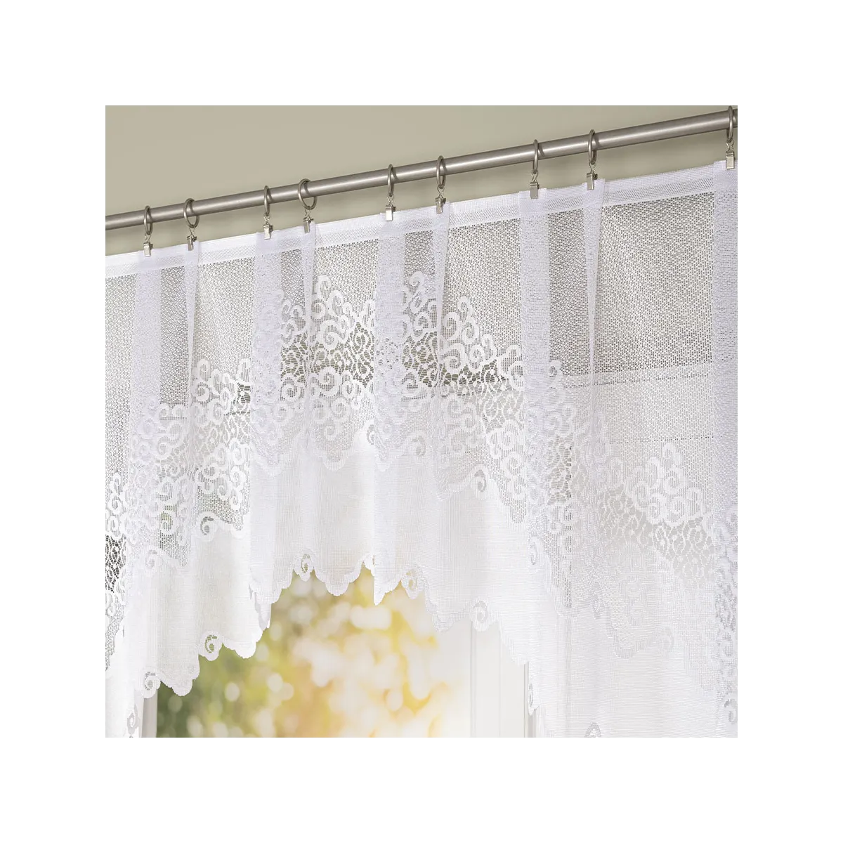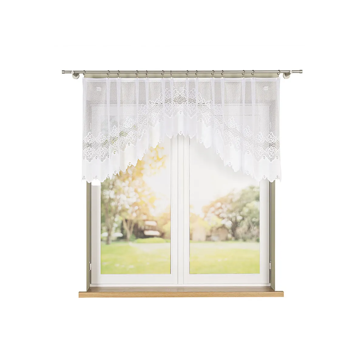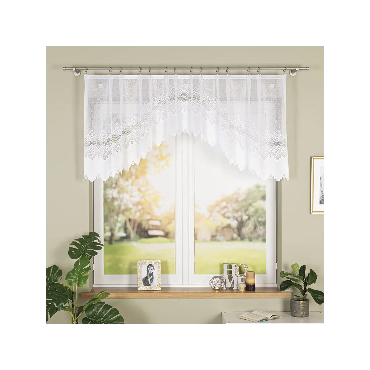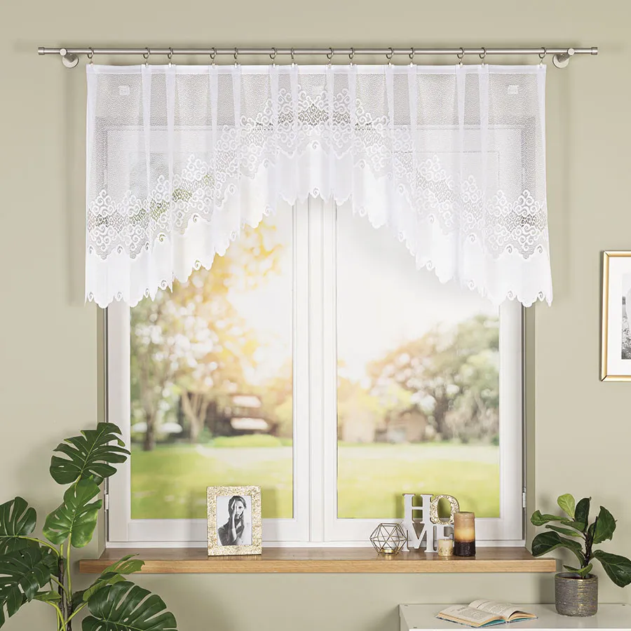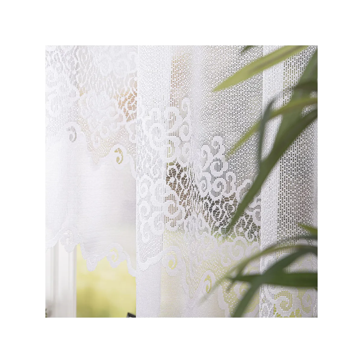 To klasyczna firanka gotowa o wymiarach 250x80 cm, uszyta z dzianiny żakardowej o gramaturze 80–90 g/m². Skład 100% poliester sprzyja trwałości i wygodzie użytkowania, a staranne, fabryczne wykończenie boków pozwala powiesić ją bez dodatkowego obszywania. Góra jest wykończona fabrycznie (bez taśmy), a zawieszenie na żabki ułatwia szybką zmianę dekoracji.
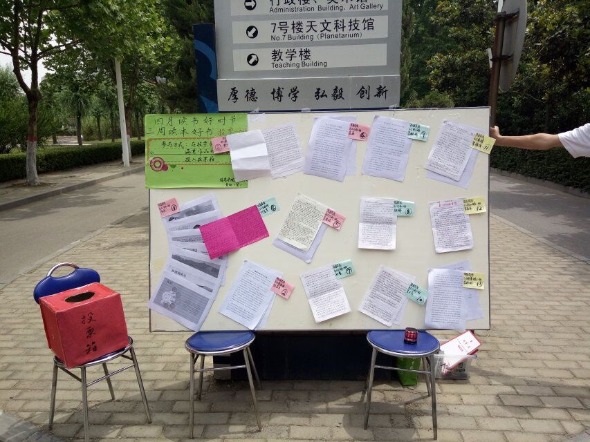 在12点之前,志愿者们就把展板、海报、桌子、投票箱等都搬到了活动现场,佩戴好绶带,等待着同学们前来参观读书成果。有的同学写的整本书的读后感;有的同学摘抄的好文、写的心得体会;还有的同学甚至把自己的读书成果制作成了PPT,一张一张打印出来,在展板上确实也夺人眼球。随着运动会闭幕式结束,一大波同学从操场涌出,看到我们的展板,都纷纷过来询问,我们的志愿者也积极向同学们介绍我们四月读书月的活动。同学们翻看展板上的读书成果,并写下了自己喜爱的读书成果的序号,投入投票箱,参与投票。现场投票就在同学们积极参与,热情讨论的氛围中落下了帷幕。5月16日至5月18日,即下周一至周三,读书成果将会在信科院团学之家官方微信上进行展示,欢迎各位同学查查看读书成果并为喜欢的读书成果投票,
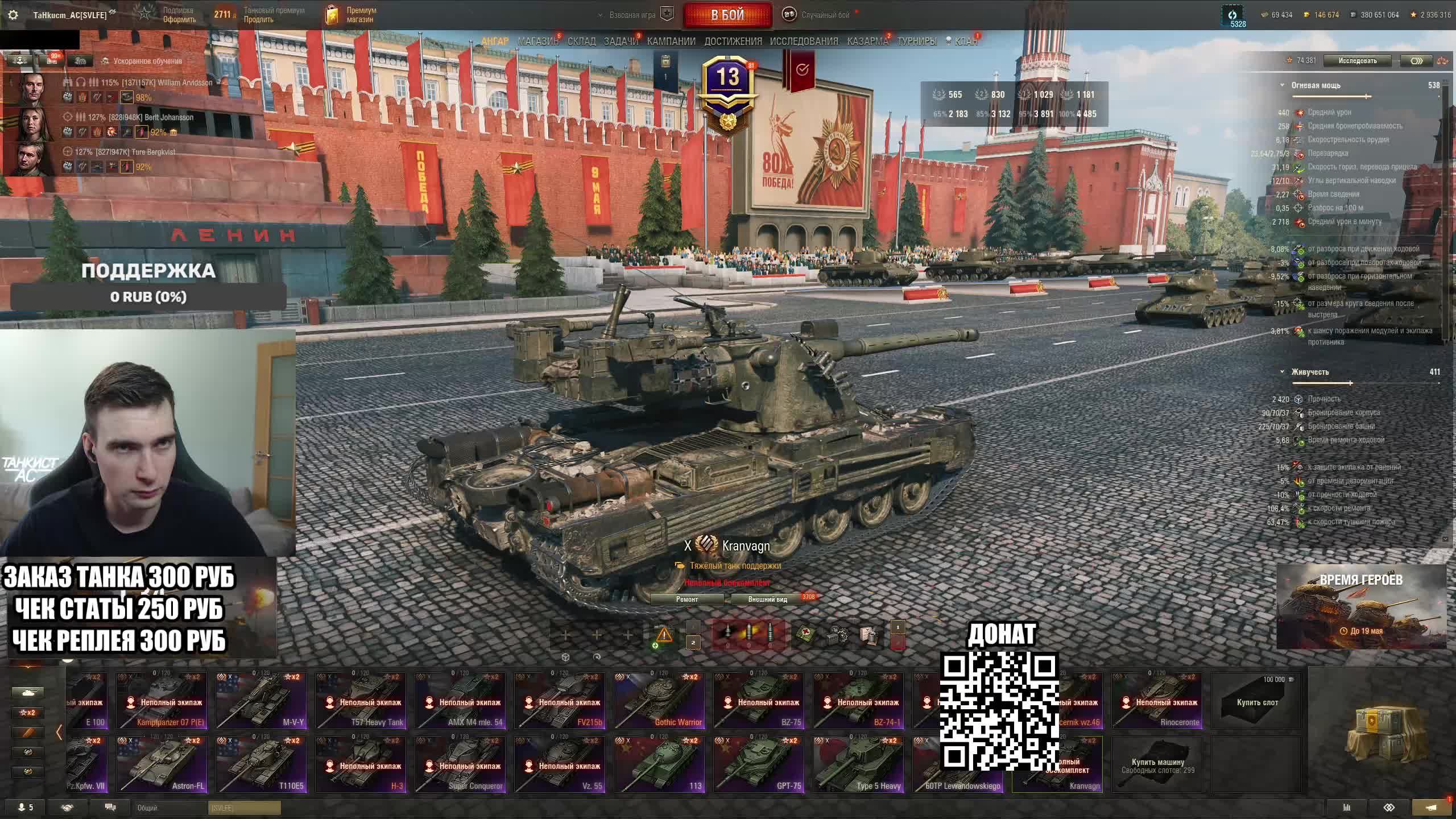 Поддержать стримера http://www.donationalerts.ru/r/tahkucm_ac Сбер без комиссии 2202 2062 2408 9735 напишите в чате, чтобы проверил Telegram https://t.me/TaHkucm_AC Канал VK Play Live https://vkplay.live/tahkucm Канал Бусти https://boosty.to/tahkucm Канал на трово https://trovo.live/TaHkucm_AC Канал Яндекс Дзен https://dzen.ru/id/62355e95d406852937d33526 Группа Вконтакте https://vk.com/tahkucm_ac Оборудование и модернизации на все танки https://docs.google.com/spreadsheets/d/16koQOrtKQKQrAy2Pgfm6GBeG8bA1tJP_7Vm78knwUXA/edit#gid=422106233 Настройки игры в скринах https://dzen.ru/a/YmFvHhJ9yi3rZO5M Моды со скринами установки https://vk.com/topic-136212047_47639792 По поводу рекламы писать в личку https://vk.com/v_xarlamow Всем привет! Меня зовут Виктор, мой ник TaHkucm_AC. На моем канале стрим мира танков каждый день с 8 или 9 по мск. Так же иногда стримлю вечером в произвольное время, чтобы не пропустить подпишитесь на оповещения в телеге или вк (ссылки выше). Играю в танки с декабря 2011 года, а стримить начал в начале 2017 года. Во время стримов общаюсь с чатом, помогаю советами по игре, объясняю тактику. Средняя статистика 65% побед и 4-5к вн8. Фан кланы SLPFR - Командиры marmyn и artlay - из требований только то, чтобы вы часто играли в танки. Укреп 10 уровня. Участвуют в ивентах на ГК, как минимум чтобы собрать пропуск на аукцион. L-DS - Командир DarkSpawn13. Укреп 10 уровня, плюхи по кд SVLFE - Командир Shadowlions. Требуется Team Speak (программа связи) для взводов и клановых покатушек. Участвуют в ивентах на ГК, как минимум чтобы собрать пропуск на аукцион. укреп 10 уровня
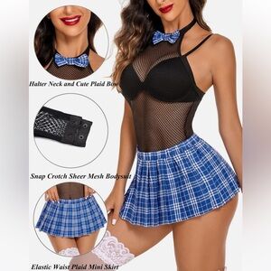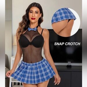 Avidlove School Girl Snap Crotch Bodysuit Plaid Mini Skirt
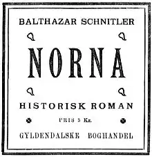 - Norna. Historisk Roman ifra Harald Haarfagers tid. Gyldendalske Boghandels Forlag. Kjøbenhavn, 1900. 246 s.
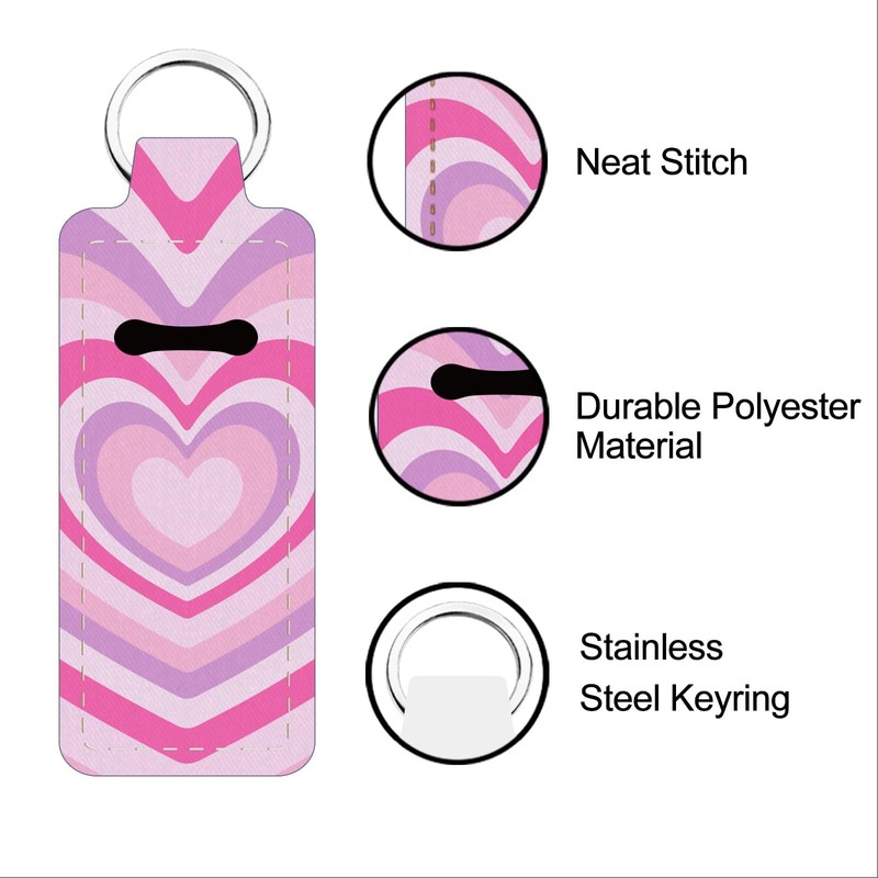 FREEBLOSS 2Pcs Chapstick Holder Keychain Lip Balm Holder Keychain Lightweight Lipstick Sleeve Pouch with Pink Heart Pattern for Women Girls 1.5x3.8''
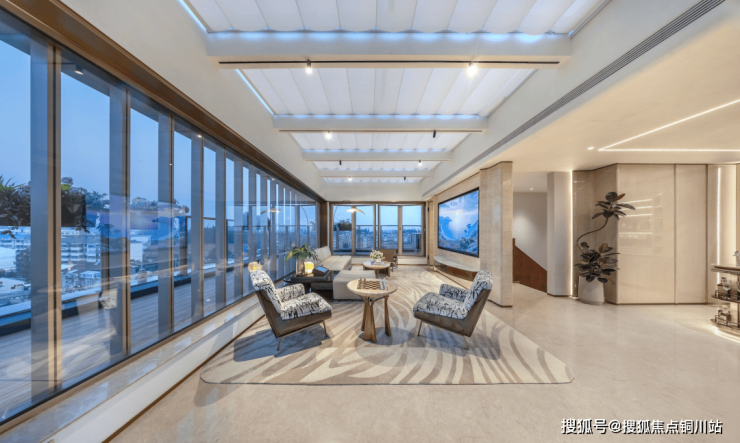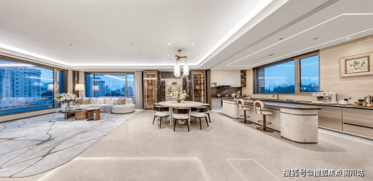南向与侧向的双面IMAX巨幕落地玻璃窗,北向厨房亦大面积窗景,最终实现了270°环幕三面观景的殿堂级体验。
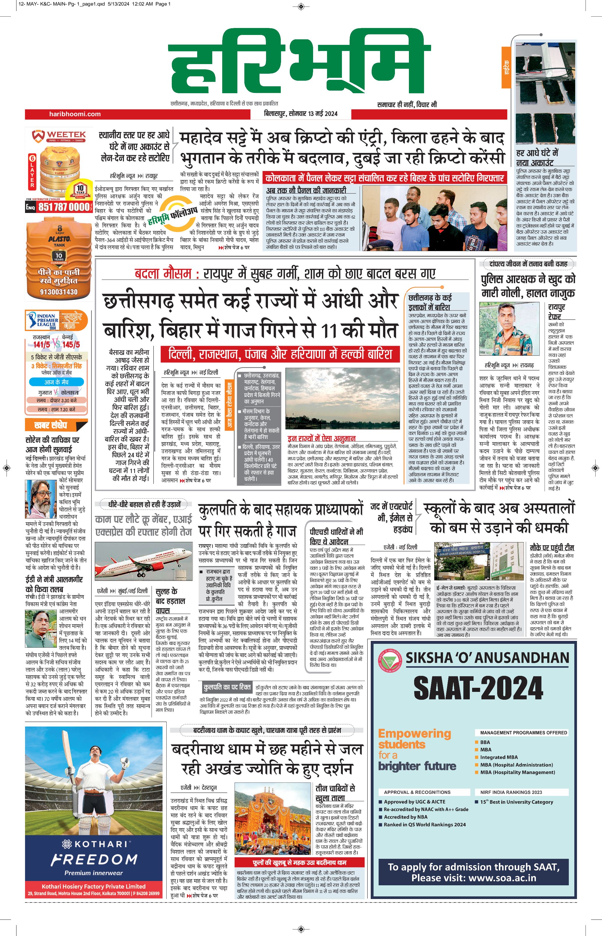 बिलासपुर मुख्य संस्करण - 13 May 2024 - - Page 1
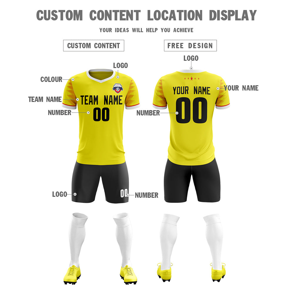 Custom Yellow Black V-Neck Soft Training Uniform Soccer Sets Jersey
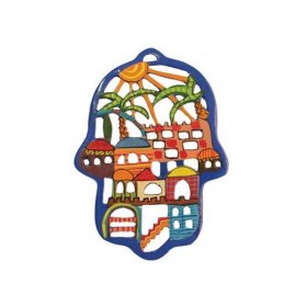 Hand Painted Colorful Laser Cut Wall Hamsa, Jerusalem - Yair EmanuelSize: 15x11 cm / 6 x 4.5"$25.74 -
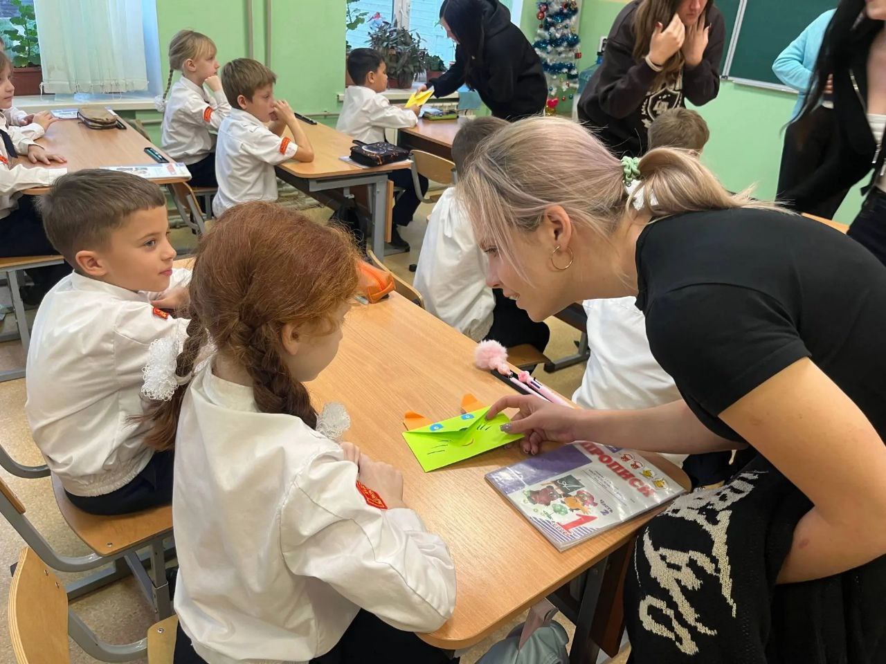 ✨Особое значение имели слова, что этот день — праздник доброты, щедрости и чудес, когда каждый из нас может стать волшебником, дарящим радость и свет окружающим. Старшеклассники передали в дар маленьким гостям конверты с изображениями милых животных и приятными сюрпризами внутри, напоминая о том, что даже самая маленькая доброта способна творить волшебство.
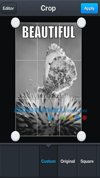Thay đổi khung ảnh, điều chỉnh kích thước và xoay ảnh một cách nhanh chóng nhờ các công cụ trực quan và các tùy chọn cắt ảnh được tích hợp sẵn, đặc biệt là tỷ lệ khung hình vuông được nhiều người ưa chuộng.
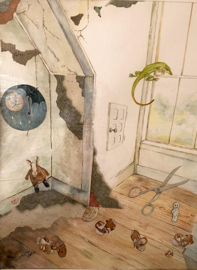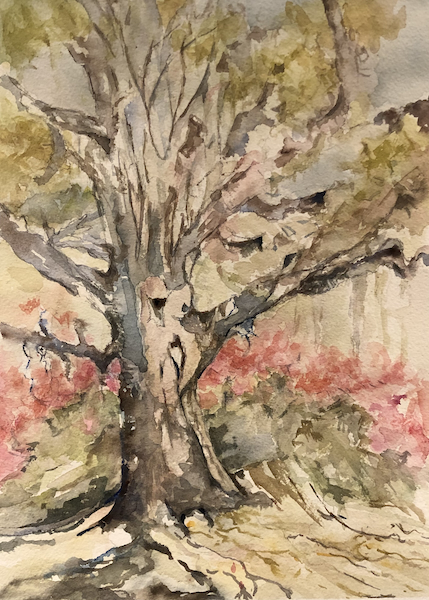I attended college in the 60’s as a literature major. A dear friend gave me a painting set (oil) she had won in an art contest. From there, my literature major floated into an art major. I have been painting since that time. I began using watercolor almost exclusively in the late 80’s, joining Santa Cruz Watercolor Society during its initial assembling. The medium of watercolor has a draw for me due to its nature of fluidity and potential vulnerableness and I am passionate about the SCWS group. Long term participation with sensitive individuals who have various intents and skills centered around watercolor is invigorating. Aimee
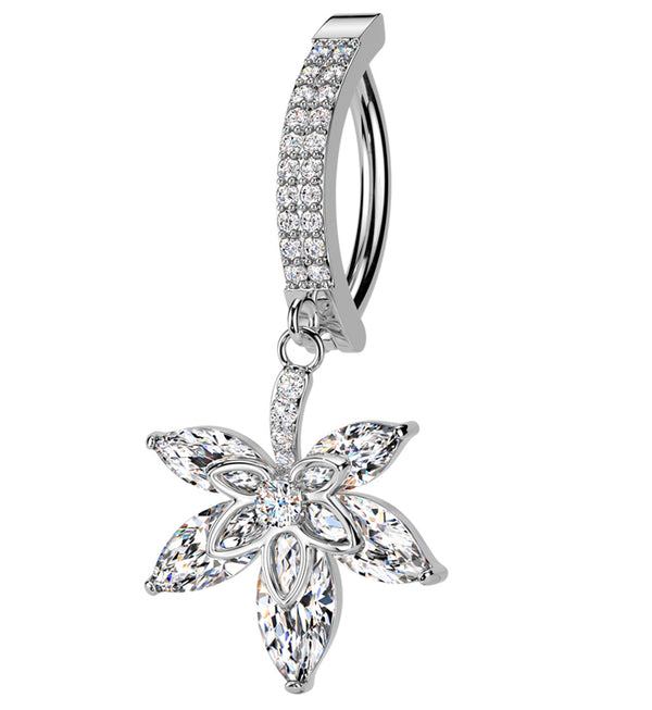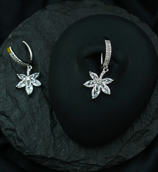 14kt White Gold Flower Clear CZ Belly Button Ring14kt White Gold Flower Clear CZ Belly Button Ring
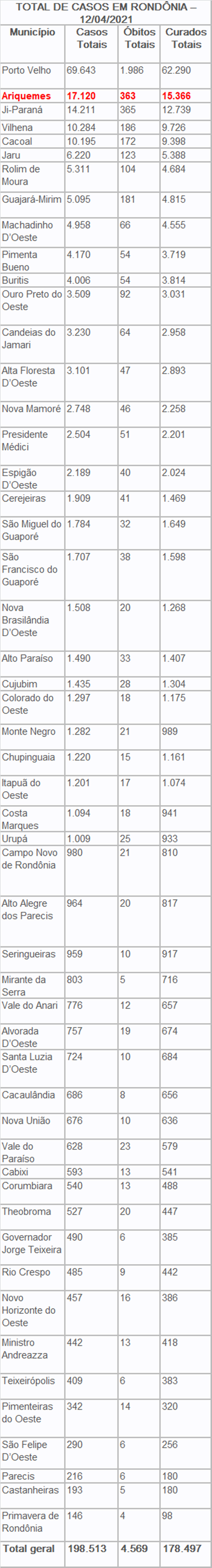 Nesta segunda (12) foram registrados 23 óbitos por covid-19 em Rondônia, desses, sete foram em Porto Velho, sendo três mulheres (76, 70 e 60 anos) e quatro homens (72, 64, 50 e 42 anos); três de Machadinho D’Oeste, sendo duas mulheres (71 e 53 anos) e um homem de 64 anos de idade; dois homens (68 e 58 anos) de Ouro Preto do Oeste; duas mulheres (74 e 35 anos) de Santa Luzia D’Oeste; dois homens (81 e 59 anos) de Vilhena; um homem de 50 anos de Ariquemes; um homem de 73 anos em Jaru; uma mulher de 49 anos de Nova Brasilândia D’Oeste; uma mulher de 59 anos de Novo Horizonte do Oeste; uma mulher de 57 anos de Pimenta Bueno, uma mulher de 53 anos de Theobroma e um homem de 72 anos em Urupá.
────────────────────
**The task**
Pictures should not appear in the copy. Write out exactly the lines above from the first one through the line that contains "在12点之前,志愿者们就把展".

**Task result**
 To klasyczna firanka gotowa o wymiarach 250x80 cm, uszyta z dzianiny żakardowej o gramaturze 80–90 g/m². Skład 100% poliester sprzyja trwałości i wygodzie użytkowania, a staranne, fabryczne wykończenie boków pozwala powiesić ją bez dodatkowego obszywania. Góra jest wykończona fabrycznie (bez taśmy), a zawieszenie na żabki ułatwia szybką zmianę dekoracji.
 在12点之前,志愿者们就把展板、海报、桌子、投票箱等都搬到了活动现场,佩戴好绶带,等待着同学们前来参观读书成果。有的同学写的整本书的读后感;有的同学摘抄的好文、写的心得体会;还有的同学甚至把自己的读书成果制作成了PPT,一张一张打印出来,在展板上确实也夺人眼球。随着运动会闭幕式结束,一大波同学从操场涌出,看到我们的展板,都纷纷过来询问,我们的志愿者也积极向同学们介绍我们四月读书月的活动。同学们翻看展板上的读书成果,并写下了自己喜爱的读书成果的序号,投入投票箱,参与投票。现场投票就在同学们积极参与,热情讨论的氛围中落下了帷幕。5月16日至5月18日,即下周一至周三,读书成果将会在信科院团学之家官方微信上进行展示,欢迎各位同学查查看读书成果并为喜欢的读书成果投票,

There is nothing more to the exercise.